Amplitude shift keying (ASK) is a signaling method where the message is encoded in the amplitude of the transmitted waveform. A typical ASK receiver includes a receiving antenna followed by an analog front-end (AFE) which down-converts the wireless signal from the receiving antenna by extracting the signal envelope. The signal envelope is quantized into discrete values using an analog-to-digital converter (ADC) for further digital signal processing (DSP) since the received signal suffers from various non-idealities.
Examples of non-idealities include the following:                i) Phase jitter during modulation at the transmitter (a bounded time-offset uncertainty on the symbol transition time grid), which causes a time-varying deviation of the transmitted symbol period, manifesting as shifted rising and falling edges of symbols of a signal from their nominal positions.        ii) Bandwidth limited wireless channel introduces inter-symbol interference (ISI) into the received signal. ISI increases with the transmission data rate, when the data rate exceeds the available channel bandwidth.        iii) Channels and the AFE can induce time-varying gain for each signal constellation point, which makes symbol detection difficult at the receiver.        iv) A high-pass filter effect arising from ac coupling and/or a power regulator in the AFE at the receiver, which suppresses low-frequency components to cause baseline wander in the received signal.        
These signal distortions necessitate DSP at the receiver to reliably recover the transmitted message without incurring symbol errors.
Traditionally, transversal, lattice, or block adaptive equalizers have been used to compensate for ISI and time-varying signal gain. However, in burst communications and in constrained frame formats with few or no training symbols, the equalizers may not be adequately trained. Consequently, the use of an equalizer with non-converged filter weights will yield a large residual ISI. Blind equalizers are an attractive alternative but their convergence time is generally long (in the order of several thousand symbols), making them unsuitable for burst communications.
Phase jitter can be combated using fractionally-spaced equalization. Unfortunately, for the same reasons described above, a poorly converged equalizer is of little use in compensating phase jitter in burst communications.

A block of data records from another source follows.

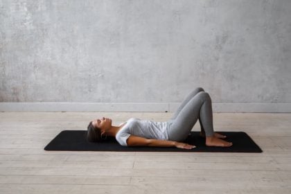 - Coloque um colchonete no chão, deite-se com as costas viradas para o solo e as pernas esticadas;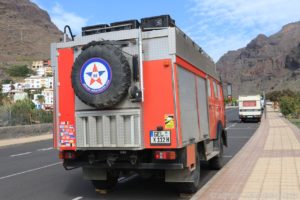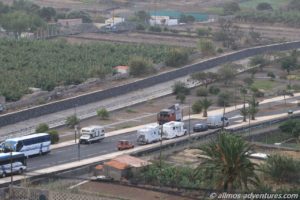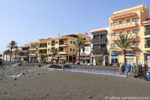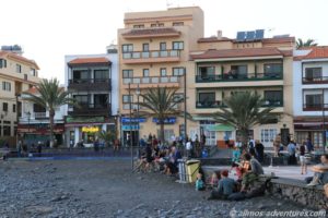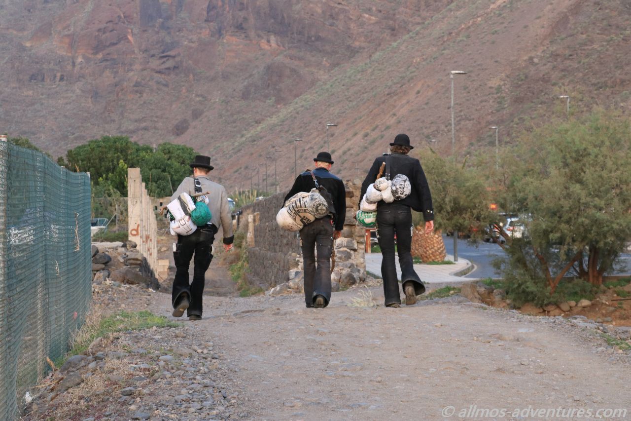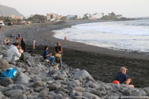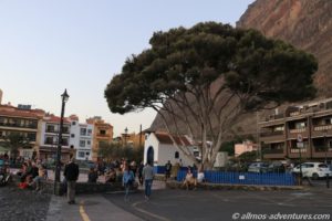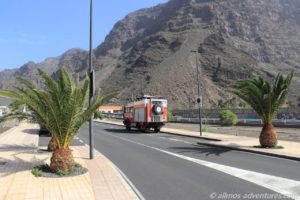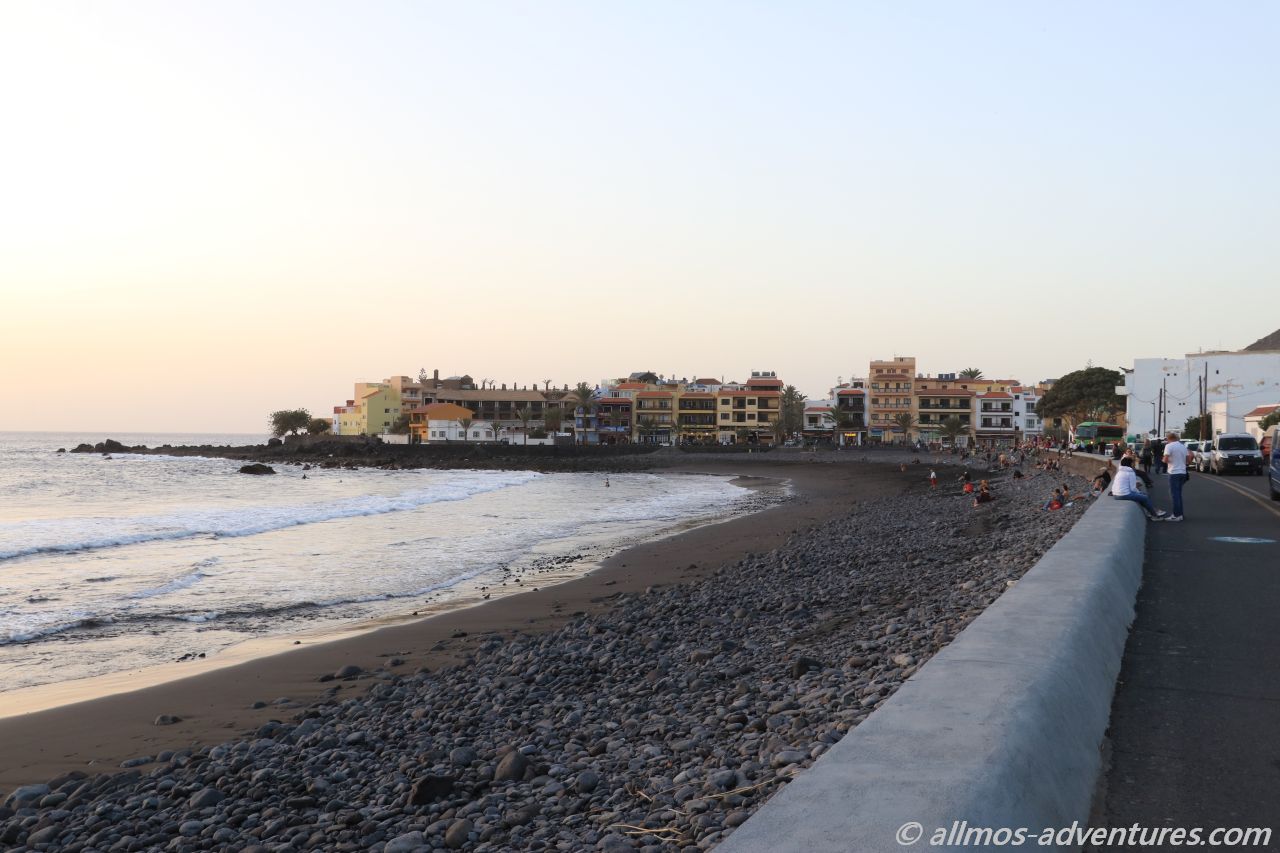 Frank kam anschließend in den Genuss einer kleinen Rundfahrt durch Valle Gran Rey. Die Apotheke befand sich im Ortsteil Playa, dort wo in den Sonnenuntergang getrommelt wird. Anschließend fuhren wir am Meer entlang noch zu Spar. Eine ausreichend große Lücke war am Straßenrand frei und ich hüpfte schnell in den Supermarkt, um Wasser (direkt 2 Sechser-Packs), Cola und heiße Tassen zu besorgen. Das mit dem Wasser hat den Vorteil, dass ich dass dann nicht die 1,2 km zu Fuß zu Allmo schleppen muss.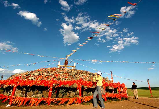 6月21日,在呼伦贝尔市金帐汗草原上,一名来自广东的游客在拍摄草原风光。随着盛夏的到来,内蒙古广袤的大草原上的蓝天、白云、绿草、牛羊汇成了美丽的自然风光,浓郁的民族风情和独特的草原文化,吸引着众多游客前来观光旅游。
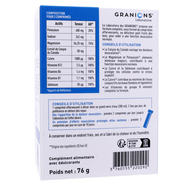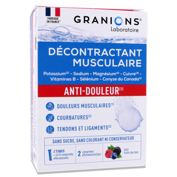 GRANIONS DECONTRACTANT MUSCULAIRE ANTI-DOULEUR 20 COMPRIMES EFFERVESCENTS est disponible en vente en ligne à prix pas cher sur Beautyshop.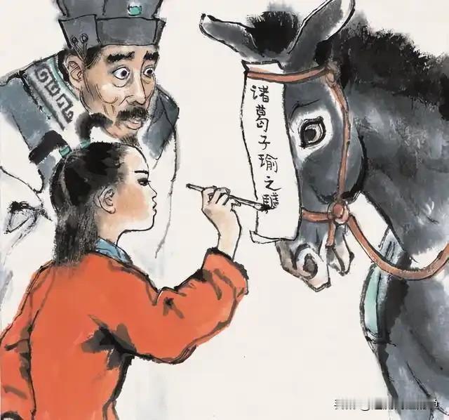 孙权听了就把笔给他,诸葛恪接过笔在诸葛子瑜四个字下面写上之驴。
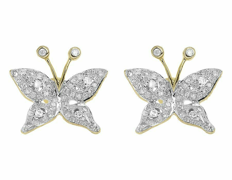 0.5ct Round Cut VVS1D Diamond Butterfly Stud Earrings 14k Yellow Gold Finish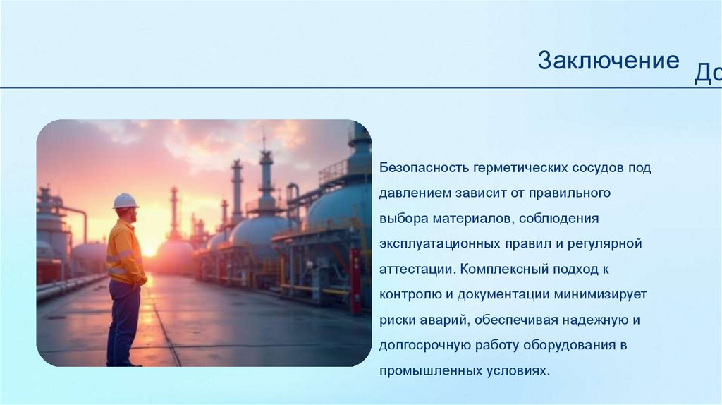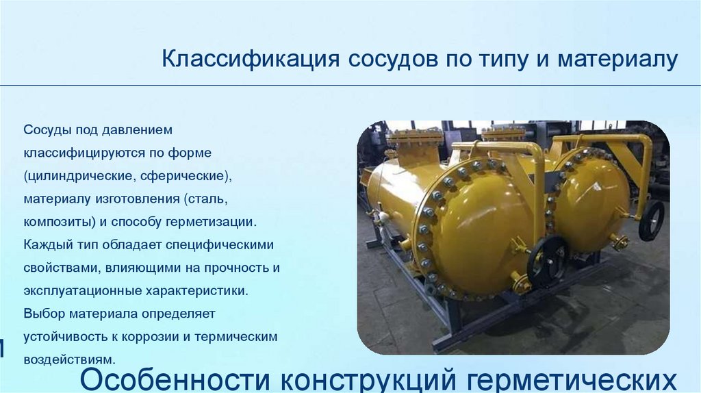 В данной презентации рассматриваются основные виды сосудов, работающих поддавлением, с особенностями их конструкций и материалами. Особое внимание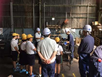 5年生「ネジの旅」で、森鋼材さんを訪問したチームの様子です。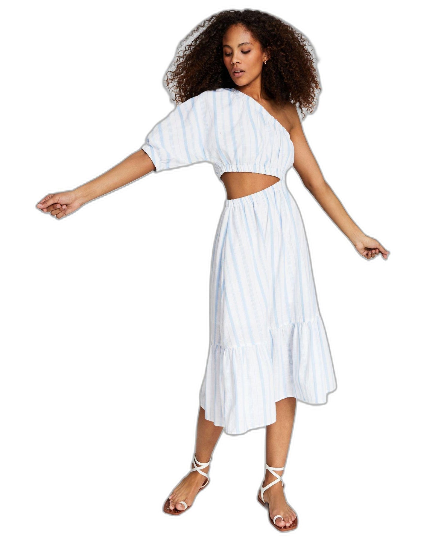 Women's Striped One-Shoulder Cutout Cotton Dress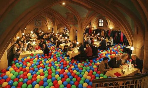 Eine lustige Vorstellung, erstellt von der KI: ein Bällebad im Ratskeller. © ChatGPT/Imago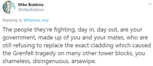 Remarks like these come amid mounting concern at what Mr Bubbins has been saying on social media. In reply to a message about the Grenfell Tower tragedy by former UK Prime Minister Theresa May, he said on Twitter: “The people they’re fighting, day in, day out, are your government, made up of you and your mates, who are still refusing to replace the exact cladding which caused the Grenfell tragedy on many other tower blocks, you shameless, disingenuous, arsewipe.”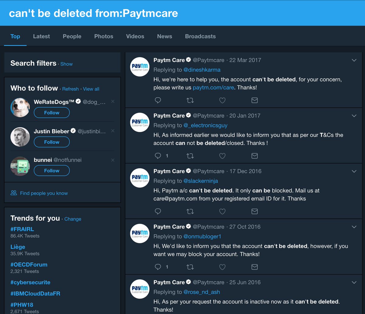 Another query: "can't be deleted from:Paytmcare"pic.twitter.com/lxJRgvrGDm

In the literature, use of decision feedback equalizers and of low-pass filtered symbol decisions to restore the low-frequency components in the ADC's digitized signal output has been suggested to overcome baseline wander. However, these methods have increased computational complexity making them unsuitable for hardware implementation. Moreover, the equalizer based method would need increased filter length and training period, whereas difficult manual tuning of parameters is required in designing the low-pass filter used to restore the low-frequency components.